Action item
Every line from the one with "- Resaltó que, como" through the last line below should be repeated exactly; pictures stay out of the copy.

Source data
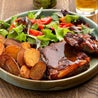 Pane senza glutine, carpaccio di manzo al bbq in affumicatura di ciliegio, cipolle rosse all’aceto di birra affumicata di nostra produzione, salsa Mystic ranch
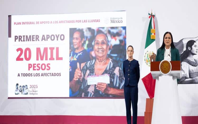 - Resaltó que, como parte del Plan Integral de apoyo a los afectados por las lluvias, se entregará el primer apoyo de 20 mil pesos a todos los damnificados en los estados de Querétaro, San Luis Potosí, Puebla y Veracruz, del 22 al 29 de octubre, mientras que en Hidalgo será del 25 de octubre al 5 de noviembre.
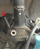 ショック交換のアドバイスとしてひとつ。赤い矢印を見て下さい。トゥデイ、ライフのショックはナックル側がボルト一本で抱えられています。これを抜くのが一苦労。そこで太いマイナスドライバーを写真の様にたたき込みます。こうしてクリアランスを広げておけば抜くのも楽になります。ただし、スタビが付いてるので外すときは左右同時にやると簡単です。リヤに関してはアッパーマウントを外す必要なし。ショックの頭を緩めるだけで交換可能です。スプリングコンプレッサーも必要なし。(フロントはいるけど)
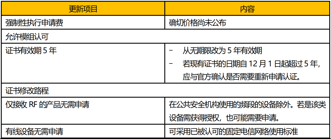 中國國家無線電管理委員會(huì)(SRRC)更新型號(hào)核準(zhǔn)代碼編碼規(guī)則以及證書模板,并已于 2023 年 12 月 1 日實(shí)施,具體更新如下:

Answer box
 - Resaltó que, como parte del Plan Integral de apoyo a los afectados por las lluvias, se entregará el primer apoyo de 20 mil pesos a todos los damnificados en los estados de Querétaro, San Luis Potosí, Puebla y Veracruz, del 22 al 29 de octubre, mientras que en Hidalgo será del 25 de octubre al 5 de noviembre.
 ショック交換のアドバイスとしてひとつ。赤い矢印を見て下さい。トゥデイ、ライフのショックはナックル側がボルト一本で抱えられています。これを抜くのが一苦労。そこで太いマイナスドライバーを写真の様にたたき込みます。こうしてクリアランスを広げておけば抜くのも楽になります。ただし、スタビが付いてるので外すときは左右同時にやると簡単です。リヤに関してはアッパーマウントを外す必要なし。ショックの頭を緩めるだけで交換可能です。スプリングコンプレッサーも必要なし。(フロントはいるけど)
 中國國家無線電管理委員會(huì)(SRRC)更新型號(hào)核準(zhǔn)代碼編碼規(guī)則以及證書模板,并已于 2023 年 12 月 1 日實(shí)施,具體更新如下:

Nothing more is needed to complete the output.